The basic flowscheme of the LP OxoSM Process emerged as both simple and elegant. The principle of using in situ gas stripping to separate product from the catalyst appeared sound, because the high molecular weight of the rhodium catalyst complex should mean that the loss by vaporisation of rhodium in the product would be practically zero. The rhodium catalyst was safely contained in the reactor, and provided sufficient energy could be imparted through the mixer impeller, the catalyst would be exposed to operating conditions more or less replicating those used in the laboratory. There was no reason for any significant amount of rhodium to leave the reactor during day-to-day operation, provided leakage was avoided and the physical entrainment of catalyst solution in the reactor overhead gas stream was minimised. Neither of these containment requirements were expected to pose undue difficulties. Catalyst leakage could be virtually eliminated by good engineering practice, including the careful selection of construction materials and mechanical seals for moving parts; entrainment could be dealt with by using proprietary, but inexpensive, entrainment filters on the overhead line from the reactor. The use of in situ stripping obviated the need to remove catalyst solution from the reactor to separate product using external distillation equipment, thereby eliminating any potential for increased catalyst deactivation due to concentrating the catalyst, and exposing it to higher temperatures than those used in the reactor.

The adoption of the gas recycle principle not only led to a simple and affordable process flowsheet, it also appeared to provide the best overall working regime for the catalyst, in terms of both loss prevention and deactivation, based on the ‘state of the art’ at the time.

Success from the First LP OxoSM Plant

Having decided to build a commercial plant at Ponce, Union Carbide erected a 200 tonnes per annum gas recycle pilot plant at the same site to test the process on the feedstocks available there, and to provide scale-up data. While the pilot plant was being built and commissioned, Davy Process Technology started the process and basic engineering design of the 136,000 tonnes per annum full-scale unit. This was to be built almost alongside the pilot plant.

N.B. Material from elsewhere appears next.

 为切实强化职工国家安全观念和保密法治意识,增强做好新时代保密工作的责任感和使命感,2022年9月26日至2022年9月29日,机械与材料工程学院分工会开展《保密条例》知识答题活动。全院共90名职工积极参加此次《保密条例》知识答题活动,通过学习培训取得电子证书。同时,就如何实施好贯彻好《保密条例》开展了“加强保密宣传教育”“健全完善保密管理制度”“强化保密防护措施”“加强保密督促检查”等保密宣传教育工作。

The process design was refined and further developed once operating data were available from the pilot plant, which continued to operate for a short time after the commercial unit first started up in January 1976.

The initial start-up of the full-scale Ponce plant was easier than anticipated. Excluding outside interruptions, the plant was online for all but one hour in its first month of operation. During its first year, its on-stream operational availability was greater than 99%. This contrasted with a typical availability of about 90% for a conventional cobalt-based oxo plant, based on Union Carbide's own experience. The operation continued to be marked by what was until then unusual ease, stability and smoothness. Design targets for productivity, selectivity, feedstock usage efficiency and product quality were all met. The ratio of normal to iso-butyraldehyde was usually controlled at around 10:1, but higher ratios up to 16:1 were achieved. Significantly, the costs attributable to catalyst were lower than expected, and the life of the first catalyst charge exceeded one year.

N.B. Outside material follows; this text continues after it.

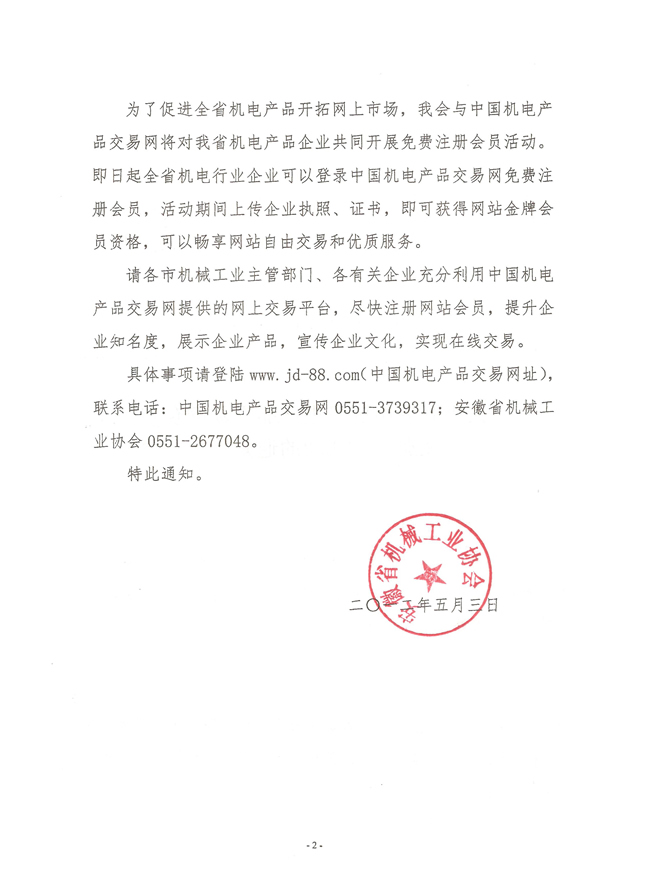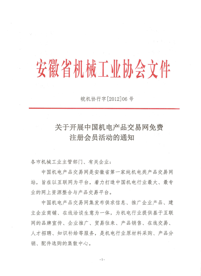 關(guān)于開展中國(guó)機(jī)電產(chǎn)品交易網(wǎng)免費(fèi)注冊(cè)會(huì)員活動(dòng)的通知

The reaction temperature was kept as low as possible, and in the range of about 90 to 100°C, consistent with being able to achieve sufficient catalyst productivity from the volume of catalyst solution available to meet the production demands, and being able to control the liquid levels in the reactors. (Product stripping was easier at higher temperatures because of the higher vapour pressures of the products.) It was known that higher reaction temperatures would lead to an increased production of reaction byproducts and an increased rate of catalyst deactivation; effective temperature control was therefore important. The reaction temperature could be regulated very closely – to within ± 0.5°C. The operating pressure of the reactors was also well controlled at about 18 bar.

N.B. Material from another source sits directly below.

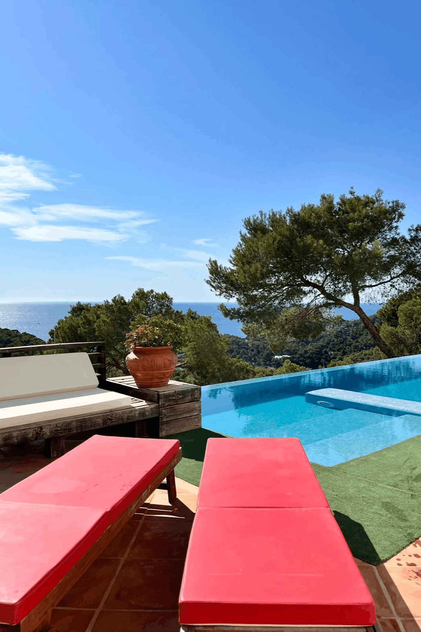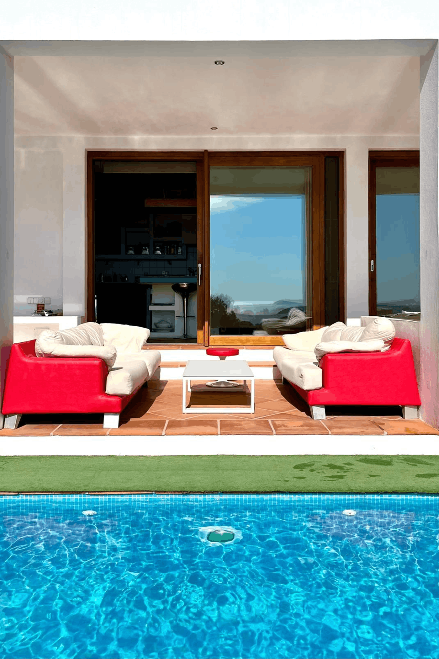 Every room faces the sea. Walking distance to Cala Salada, close to iconic sunset spot La Torre, with easy access to Ibiza Town via main road. Quiet, private, and surrounded by nature.

The process characteristics and control systems used meant that the unit needed little day-to-day operator attention. Again, this contrasted with experience on high-pressure cobalt plants. The rhodium unit could quickly be restarted from a full shutdown, and it was possible to restore production following outages much more rapidly than had been the case with cobalt.

How the Catalyst Works

The active rhodium species for the LP OxoSM Process is formed under hydroformylation reaction conditions, and there is no need for complex catalyst synthesis and handling steps. The probable sequence of the reaction with propylene to form normal butyraldehyde is shown in Figure 4.

Fig. 

Probable reaction cycle for formation of normal butyraldehyde from propylene (L = triphenylphosphine (TPP); A: product of reaction of ROPAC with carbon monoxide and TPP; B: addition product of A and propylene; C: alkyl complex resulting from rearrangement of B; D: acyl complex resulting from carbon monoxide insertion to C; E: dihydroacyl complex resulting from oxidative addition of hydrogen to D; F: product of elimination of butyraldehyde from E)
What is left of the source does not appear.